А сам Невельской знал, что делается вокруг, и не обращал внимания. А ведь тут дело не только во Врангеле. Когда есть какой-нибудь Иван Иванович, который годами сидит и пускает слухи, что, мол, неблагонадежен такой-то, к тому-то и тому-то непригоден. И доводы всегда найдет. Тем более занимая положение признанного деятеля или ученого. И этот же Иван Иванович льстящему ему иностранному ученому, знаменитому подвигами науки вояжеру и пионеру, намекнет, что, мол, Невельской-то реакционер, уж очень отстал, он при прошлом царствовании еще что-то значил, а теперь вряд ли вам будет интересен… Да он и больной, пожалуй, не примет… Предлоги найдутся. Любой иностранец содрогнется, узнав, что это человек былого царствования, и сразу переменит о нем хорошее мнение. Всю Европу якобы ужасало царствование Николая I, и теперь на покойного государя можно валить все, даже то, в чем Николай не виноват, чего и не было при нем, что после завелось. Но ученый Иван Иванович крепко сидит за своим столом и уж двадцать пять лет держится крючками за своих подопечных.

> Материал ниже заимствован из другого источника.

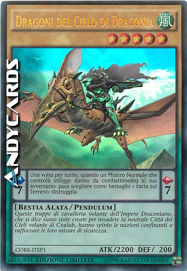 Queste truppe di cavalleria volante dell'Impero Draconiano, che si dice siano state create per invadere la neutrale Città dei Cieli volante di Cxulub, hanno spinto le nazioni confinanti a rafforzare le loro misure di sicurezza. Effetto Pendulum: Una volta per turno, quando un Mostro Normale che controlli infligge danno da combattimento al tuo avversario: puoi scegliere come bersaglio 1 carta sul Terreno; distruggila.
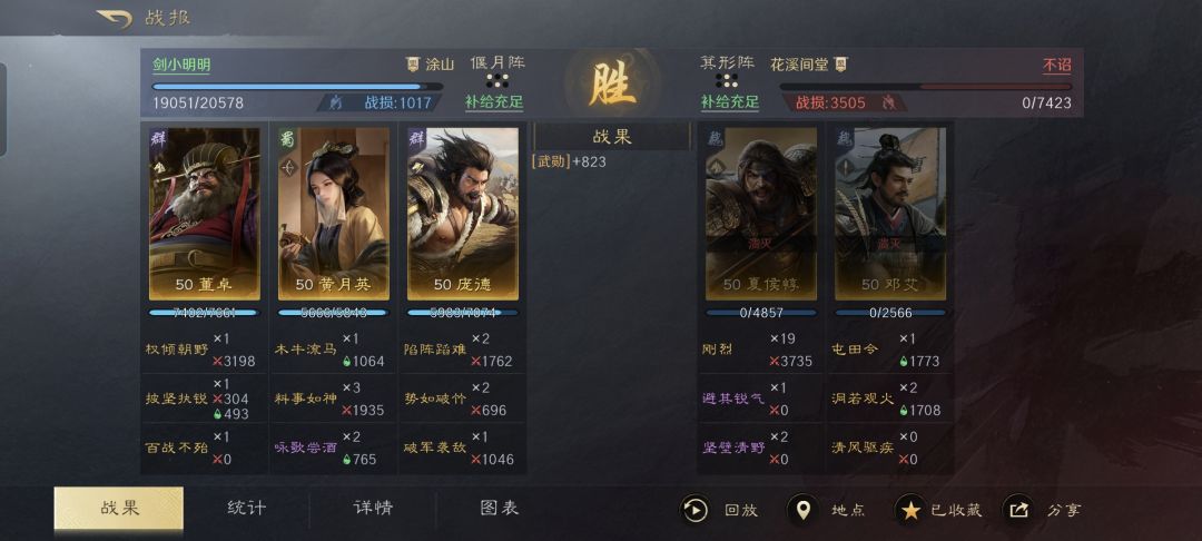老规矩,要是别人打的提供给我,就进行特别鸣谢,自己瞎折腾的,就不必特别鸣谢谁了。我这把利用董卓、庞德和黄月英摆出偃月阵,经历一番苦战之后,终于斩杀了关羽,后续的加时赛自然是赢了。要是也有跟我类似想法的朋友,不妨细致查看下文的复盘。
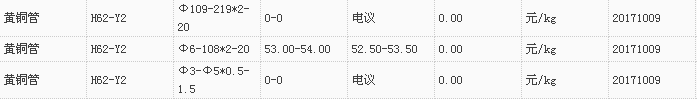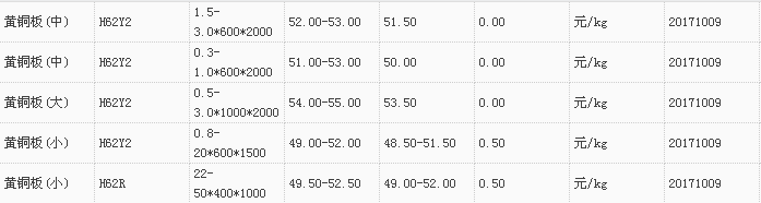山东有色金属网2017-10-09黄铜类现货报价
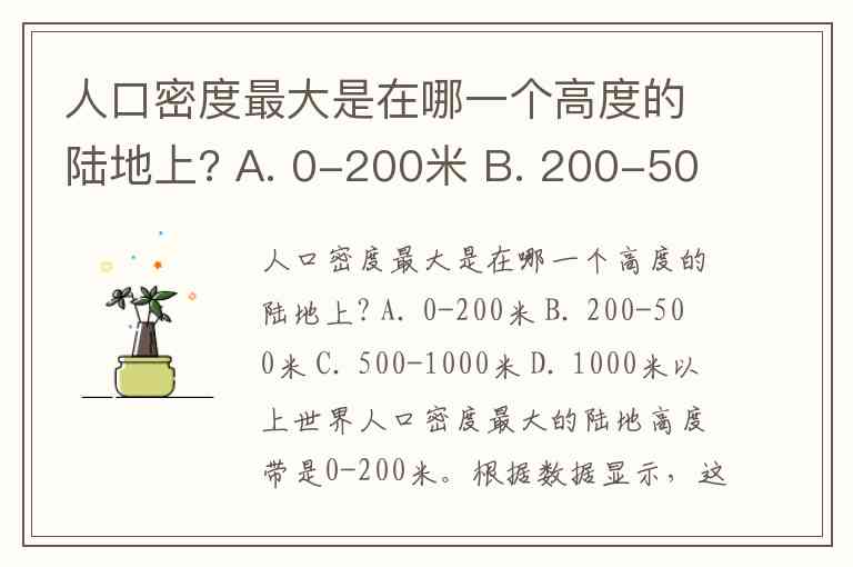 人口密度最大是在哪一个高度的陆地上? A. 0-200米 B. 200-500米 C. 500-1000米 D. 1000米以上
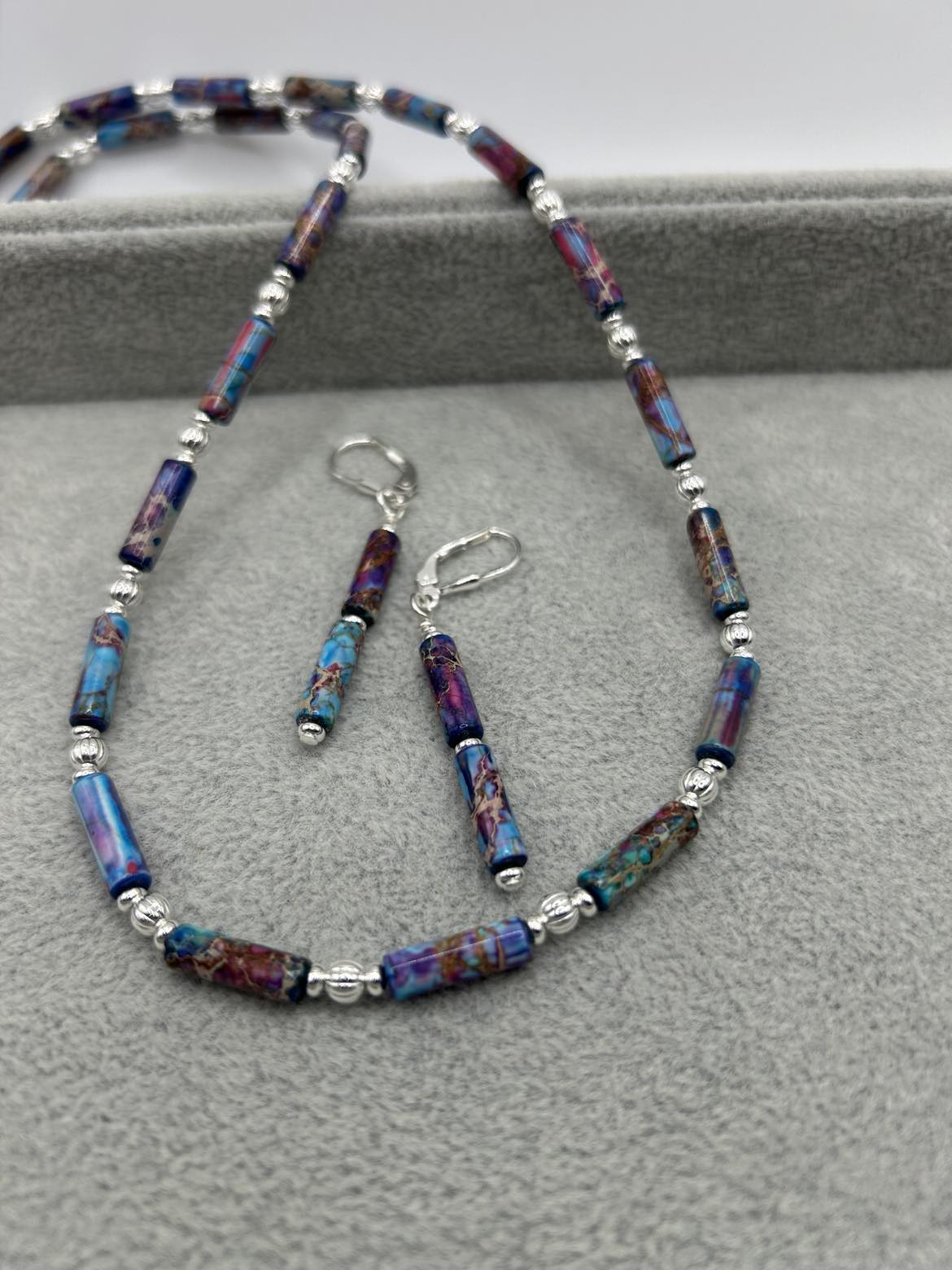 Impression Jasper (dyed) combined with silver spacers create a stunning look!!! Sterling silver lever backs add interest. The necklace is 28 - 29 1/2 inches long, with a oversized lobster claw clasp for ease of use! Long enough to go on over the head if you choose.
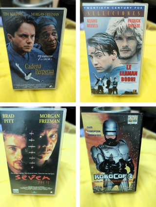 📦 Qué incluye Cinta VHS Bodhi (Fox), cinta VHS Seven (Columbia Tristar), cinta VHS RoboCop (Columbia Tristar), cinta VHS Cadena Perpetua (Castle Rock), caja plástica, carátula original, artículo para coleccionistas de cine noventero, fans de Keanu Reeves, RoboCop, David Fincher y Stephen King, videoclub retro o decoración. ⚠️ Estado Todas probadas y funcionando. 🚚 Condiciones de venta No hago envíos.
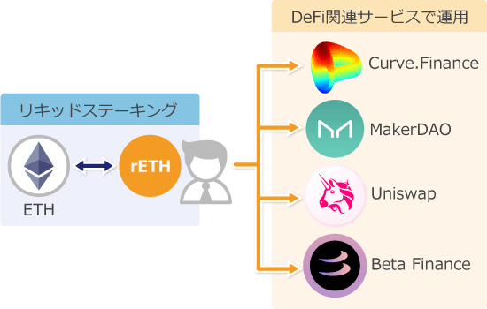 また、rETHは取引所で売却できますが、他のDeFi(分散型金融)関連サービスで運用することも可能です。rETHを運用すると、そこから利益を得られます。
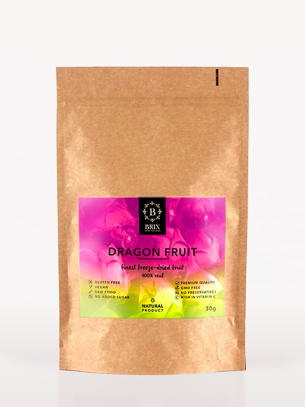 Mrazom sušená pitahaya – dračie ovocie je 100 % čisté ovocie bez konzervantov, ktoré si zachováva krásnu farbu, intenzívnu chuť a až 98 % výživových hodnôt. Pestovaná na úrodnej pôde v panenskej prírode, dozrieva pod slnkom a zbiera sa v čase ideálnej zrelosti. Chrumkavé kúsky sú ideálne do müsli, jogurtov, smoothies, na pečenie či ako zdravý snack. Každých 100 g je vyrobených z 800–1000 g čerstvého ovocia.
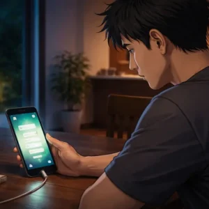 Layar ponselnya memantulkan wajahnya sendiri yang tampak letih. Di sekelilingnya, dapur masih berantakan. Panci belum dicuci. Sisa potongan buah masih di meja. Anaknya baru saja tertidur setelah rewel hampir satu jam.
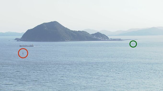 「今、船が2隻南下している。手前に赤いブイと向こうに緑のブイ。この間が伊良湖水道航路の航路幅。船舶が通るには非常に狭い海域なので、交通の難所となっている」
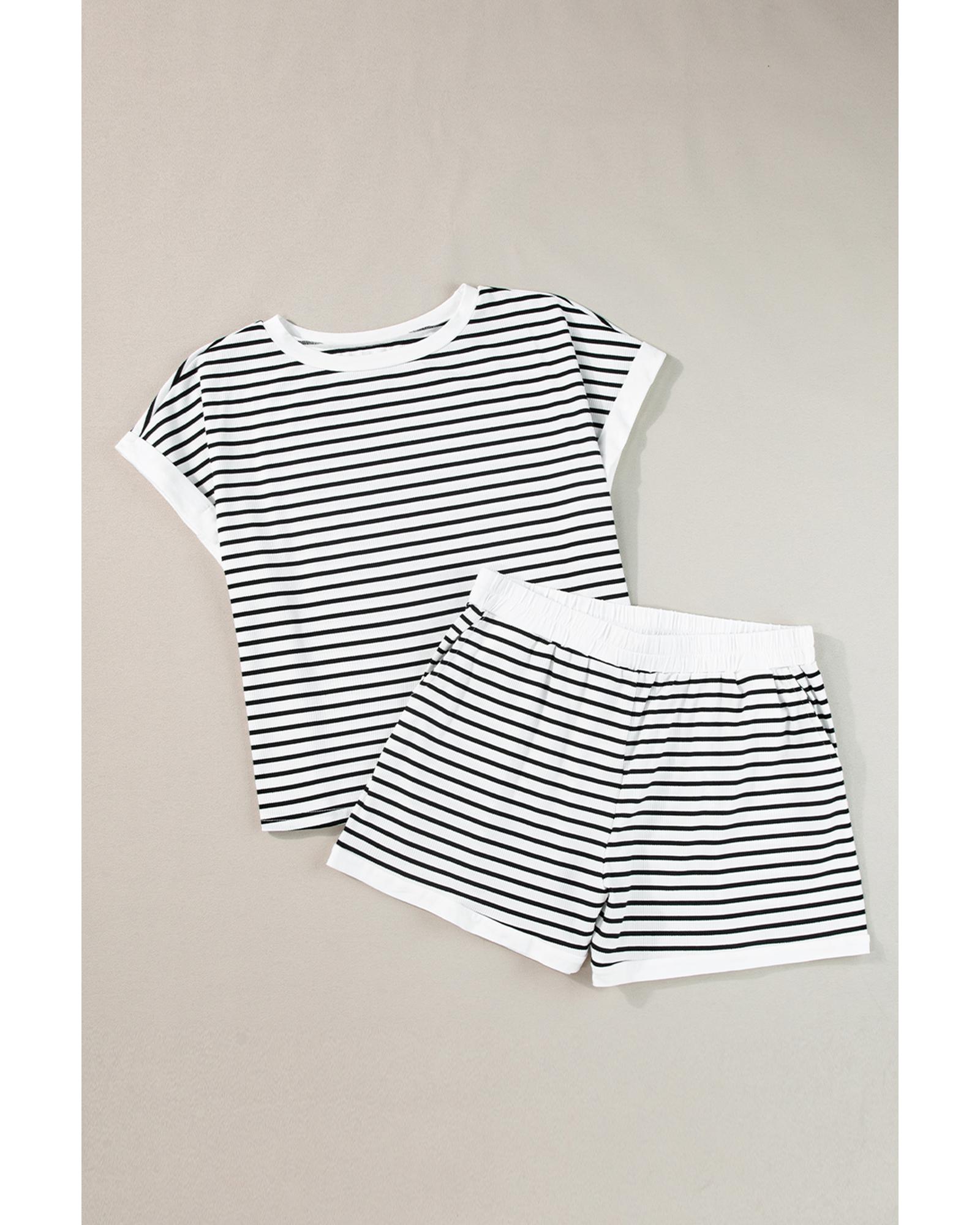 - Striped tee and shorts set for a casual and fashionable look
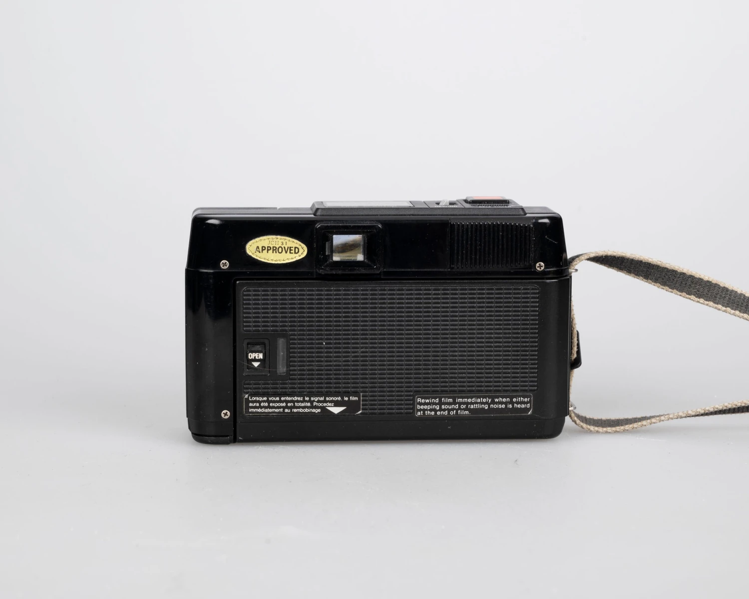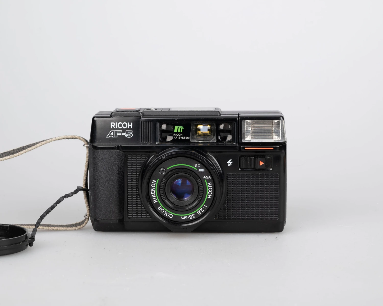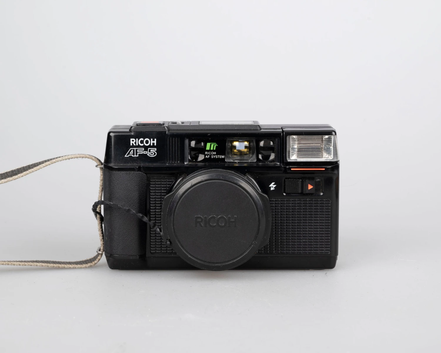The Ricoh AF-5 is a classic fixed lens point-and-shoot 35mm camera. It terms of lens quality and features, it’s comparable to the better-known Canon Sure Shot and Nikon One Touch cameras which were its original market competitors.
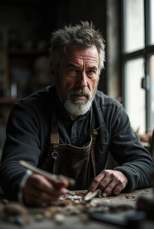 Portrait of an old craftsman working in his workshop, looking at the camera.
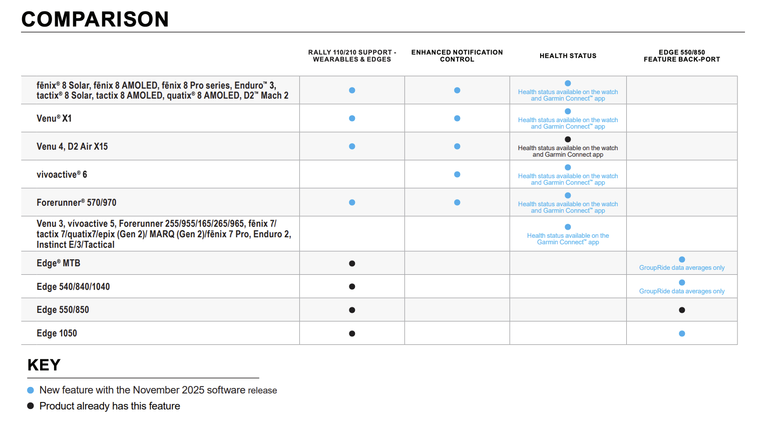 Что касается остальных обновлений Garmin, то многие из них относятся к серии велокомпьютеров, например, Smart Fueling и анализ соотношения передач. При этом Garmin также предлагает улучшенное управление уведомлениями для Fenix 8, Forerunner 970, Venu 4 и Venu X1, а также других соответствующих смарт-часов. Более того, Garmin добавил поддержку Rally 110 и Rally 210 для множества носимых устройств в обновлении November 2025 Feature Update, как показано на изображении выше.

Николай Николаевич знал о себе, что сам он тоже полицейский, но особого склада. Давно не был в квартире у Геннадия Ивановича Тут устроено было что-то вроде Петровского зимовья, на Конюшенной, где воет пурга, как шторм бушует по берегу Охотского моря. В бревенчатом зимовье принимал он людей, приходящих к нему со всех стран по морю и доставлявших что надо. Не ждал Невельской, что из Петербурга пришлют новые образцы оружия и апельсины для детей, а получал все это от иностранцев на золото, которое с казаками и солдатами и с бабами, в том числе и со своей звездой, Екатериной Ивановной, мыл в речке Иски сам. В Петербурге расплачивается он не золотом. Золотого песка тут нет, есть золотые жилы и золотые эполеты и прочее. Но Невельскому назначен такой пенсион, что любой может позавидовать. Получает он жалованье и в ученом совете при Адмиралтействе. Он один из директоров Общества пароходства и торговли. У него и у его жены – собственные богатые поместья. У нее в Смоленской губернии, от предков, у него, от матери, в Костромской, и еще куплено по возвращении с Амура имение с крепостными на богатейших пензенских землях. Почва там как пух. Когда приехали впервые и посмотрели на урожай – диву дались. Невельской в ус не дует, что предстоит освобождение крестьян и дележ земель. Он средствами снабжен со всех сторон, ему все дано: и деньги, и земли, и полная возможность стать богатым. Живи припеваючи и не горюй, только нигде не заявляй свое мнение и не лезь к тем, кто сам хочет сделать карьеру, оставить свое имя в веках. И вообще, не мешай другим, сиди у себя на Конюшенной, как на побережье Охотского моря, откуда бывает виден и берег Сахалина, и кажется, что недалеко и до Японии, и до Калифорнии, и до Кокосовых островов. Продолжай мечтать. Он и теперь вел исследования глубин моря и побережий Тихого океана. И не обращал ни на что внимания, словно одиночество привычно и въелось в него.